(04강) Convolution은 무엇인가?

210811

Convolution

I는 입력 이미지, K는 적용하고자 하는 커널이다.

3x3 필터와 7x7 이미지를 컨볼루션 연산을 하면 5x5가 나온다.

같은 이미지에 대해서 적용하고자 하는 필터의 모양에 따라서 Output이 흐려지거나 강조될 수 있고 외곽선만 딸 수도 있다.

일반적으로 이미지에 대해 5x5 필터를 사용한다는 것은 이미지의 채널 개수와 필터의 커널의 개수가 동일하다는 조건이 있기 때문에 문제될 것이 없다. 이미지가 32x32x3 이라면 5x5필터도 5x5x3이 될것이다.

또, 여러개의 필터를 쓸 수도 있고 여러 층에서 이어서 사용할 수도 있다

이 때, 파라미터의 수를 구하는 것이 중요하다. (우측 그림을 보면)

첫번째 층에서의 파라미터 수는 커널의 크기 5x5 그리고 채널 수 3 그리고 output의 채널 수 4를 곱한 5x5x3x4 가 된다.
두번째 층에서의 파라미터 수는 커널의 크기 5x5 그리고 채널 수 4 그리고 output의 채널 수 10을 곱한 5x5x4x10이 된다

Convolution Neural Network, CNN은 도장을 찍는 Conv와 Pooling 그리고 Fully Connected, FC로 이루어져 있다.

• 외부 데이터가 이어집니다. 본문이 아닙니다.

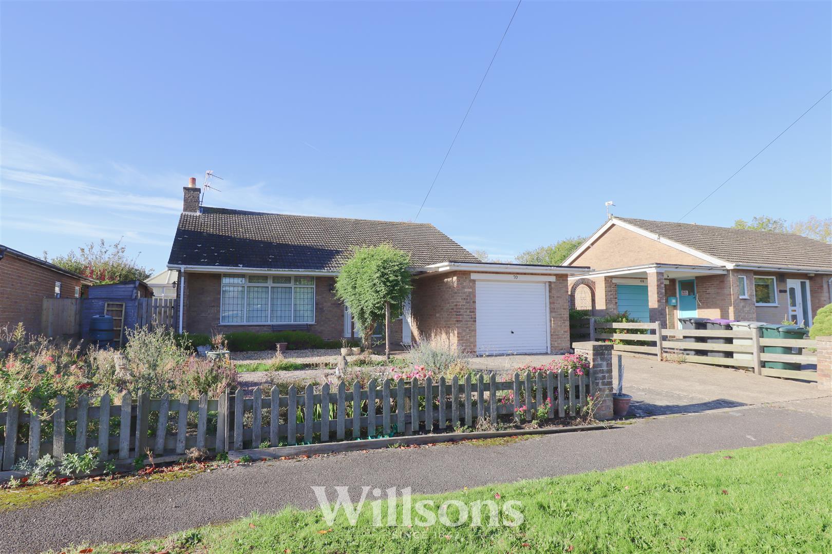 This three bedroom detached bungalow offers a triple aspect, well proportioned living dining room, double height conservatory, low maintenance frontage and south west facing garden with views over pastureland. With integral garage and driveway, the property benefits from uPVC double glazing and gas-fired central heating throughout and is set in a cul-de-sac location, is within walking distance of amenities and the local schools and is brought to the market with no onward chain.
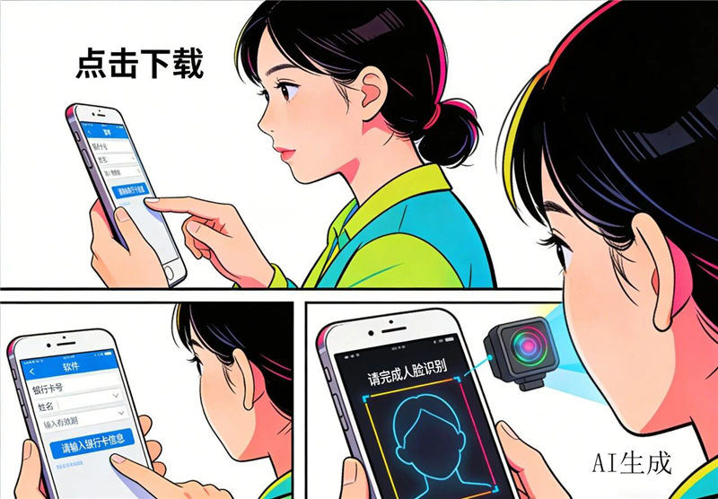 泄露信息:按要求輸入銀行卡號、密碼、短信驗證碼,并完成人臉識別。
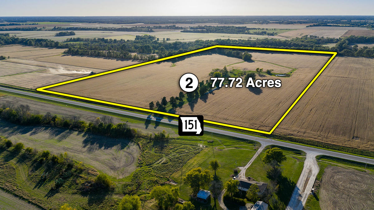 Tract 2: Consists of 77.72 surveyed acres m/l with approximately 67FSA tillable acres m/l making it 87% tillable. Has highway frontage along Highway 151 and an outstanding build site at the end of the old "Cedar Tree Lane." Soil types consist of productive Putnam, Mexico, or Leonard soils.
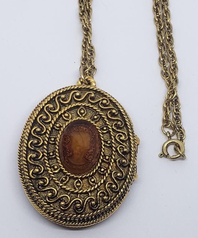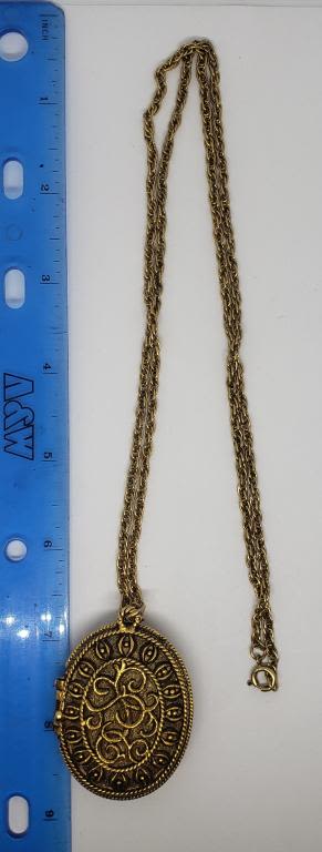 PERFUME LOCKET PENDANT WITH GOLD TONED LINKED CHAIN
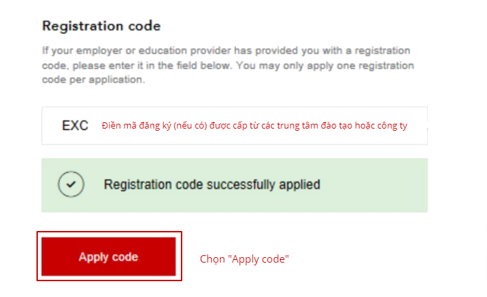 - Nhập mã đăng ký Registration Code được cấp từ các trung tâm đào tạo hoặc công ty (nếu có)
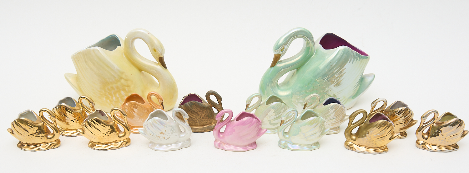 A LARGE COLLECTION OF WEMBLEY WARE LUSTRE GLAZED SWANS H.20CM (TALLEST), LEONARD JOEL LOCAL DELIVERY SIZE: MEDIUM

최근에 추세는 FC를 제거하는 방향이다. 왜냐하면 FC는 모델의 파라미터 수를 많이 필요하기 때문이다.
- 파라미터 수가 많아지면 학습이 어려워지고 범용성이 줄어들게된다.

Stride

S = 1이면 픽셀을 한칸씩 이동하고 S = 2이면 픽셀을 두칸씩 이동한다

Padding

커널은 가장자리를 중심으로 찍지 못하는데, 패딩을 덧대면 가능하다.

파라미터의 개수는 커널의 크기 * 인풋 채널 수 * 아웃풋 채널 수 이다. 이걸 알아야 하는 이유는 어떤 모델을 볼 때 그 모델의 파라미터의 수가 대략 만단위 인지 십만단위 인지를 바로 파악해야 하기 때문이다.

첫번째 레이어

필터의 크기 : 11x11
입력채널 : 3
출력채널 : 96
- 이 때는 GPU 메모리가 부족해서 48개의 채널을 2개의 Stream으로 나누어서 진행했다.
파라미터 수 : 11 * 11 * 3 * 48 * 2 = 35k

두번째 레이어

필터의 크기 : 5x5
입력채널 : 48
출력 채널 : 128 * 2
파라미터 수 : 307k

세번째 레이어 : (3x3x2, 128, 192*2)

필터개수가 2개, 출력 개수도 2개이기 때문에 각각 2를 곱해준다.
특히 이 부분은 서로 다른 GPU에서 파라미터교환을 하는 부분으로 Intersection된다고 한다.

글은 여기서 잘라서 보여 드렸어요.